Chilseong Market
- Location: 198 Chilseongnam-ro, Buk District, Daegu, South Korea; 35°52′36″N 128°36′16″E﻿ / ﻿35.8766°N 128.6044°E;
- Website: www.7stamall.kr (in Korean)
- Interactive map of Chilseong Market

= Chilseong Market =

Traditional market in Daegu, South Korea

Chilseong Market, officially Chilsung Market, is a traditional market in Chilseong-dong, Buk District, Daegu, South Korea.

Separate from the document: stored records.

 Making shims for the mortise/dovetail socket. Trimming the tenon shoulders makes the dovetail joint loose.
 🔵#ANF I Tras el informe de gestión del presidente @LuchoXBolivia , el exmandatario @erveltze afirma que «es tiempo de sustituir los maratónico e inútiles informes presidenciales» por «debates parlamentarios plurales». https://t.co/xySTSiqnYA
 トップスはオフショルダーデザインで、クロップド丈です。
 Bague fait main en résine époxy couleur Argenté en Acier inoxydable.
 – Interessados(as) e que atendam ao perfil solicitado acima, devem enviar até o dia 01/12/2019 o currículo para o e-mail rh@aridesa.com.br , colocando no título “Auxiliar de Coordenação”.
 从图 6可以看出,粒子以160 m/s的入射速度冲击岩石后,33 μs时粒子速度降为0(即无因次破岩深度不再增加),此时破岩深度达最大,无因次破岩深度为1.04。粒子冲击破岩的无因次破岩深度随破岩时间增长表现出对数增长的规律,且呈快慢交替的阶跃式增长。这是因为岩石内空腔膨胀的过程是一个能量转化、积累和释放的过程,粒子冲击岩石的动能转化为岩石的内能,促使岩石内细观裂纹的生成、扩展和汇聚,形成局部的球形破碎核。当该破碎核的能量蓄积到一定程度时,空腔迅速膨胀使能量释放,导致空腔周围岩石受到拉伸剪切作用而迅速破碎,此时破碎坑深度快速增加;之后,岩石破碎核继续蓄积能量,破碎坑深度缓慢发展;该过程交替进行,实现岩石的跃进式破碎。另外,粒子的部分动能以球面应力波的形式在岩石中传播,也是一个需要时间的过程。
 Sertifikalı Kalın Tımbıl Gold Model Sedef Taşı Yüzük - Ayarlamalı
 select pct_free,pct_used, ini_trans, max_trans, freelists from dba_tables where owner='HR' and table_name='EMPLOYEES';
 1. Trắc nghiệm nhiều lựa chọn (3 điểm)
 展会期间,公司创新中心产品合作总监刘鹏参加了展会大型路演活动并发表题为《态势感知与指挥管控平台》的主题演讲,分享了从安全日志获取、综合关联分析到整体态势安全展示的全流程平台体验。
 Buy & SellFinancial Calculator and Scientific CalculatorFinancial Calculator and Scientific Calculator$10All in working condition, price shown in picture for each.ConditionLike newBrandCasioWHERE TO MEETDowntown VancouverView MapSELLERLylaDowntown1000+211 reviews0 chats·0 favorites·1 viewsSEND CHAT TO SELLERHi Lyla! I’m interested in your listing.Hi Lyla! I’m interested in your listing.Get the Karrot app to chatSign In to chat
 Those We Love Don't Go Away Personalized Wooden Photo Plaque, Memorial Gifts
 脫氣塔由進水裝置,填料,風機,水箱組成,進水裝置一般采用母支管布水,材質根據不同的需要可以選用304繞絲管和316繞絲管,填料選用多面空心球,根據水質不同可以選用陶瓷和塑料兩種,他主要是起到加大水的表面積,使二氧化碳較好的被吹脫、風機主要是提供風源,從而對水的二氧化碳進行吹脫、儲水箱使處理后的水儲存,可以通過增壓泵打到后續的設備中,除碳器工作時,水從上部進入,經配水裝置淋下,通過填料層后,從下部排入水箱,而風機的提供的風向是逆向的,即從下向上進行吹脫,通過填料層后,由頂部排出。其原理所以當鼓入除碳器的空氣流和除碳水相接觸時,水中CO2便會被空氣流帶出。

A market existed in the area before the 1945 liberation of Korea. In 1946, it was made a formal market under the name Bungmun Market. It grew in size and prominence during the Korean War, as refugees crowded the area. In 1974, Bungmun Market was split into Chilseong Market, Daegu Fruit and Vegetable Market, and Samsung Market. Concurrently, various shopping malls began to arise in the area; by the 1990s Chilseong Market was declining. In response to this, in 1997 local market leaders established a cooperative to renovate the market. In 2006, the government promulgated an act to modernize markets like Chilseong Market.

The market contains around 308 stores and 84 street stalls. It has visitor facilities like an information center, restrooms, parking, security, ATMs, bicycle storage, and public Wi-Fi.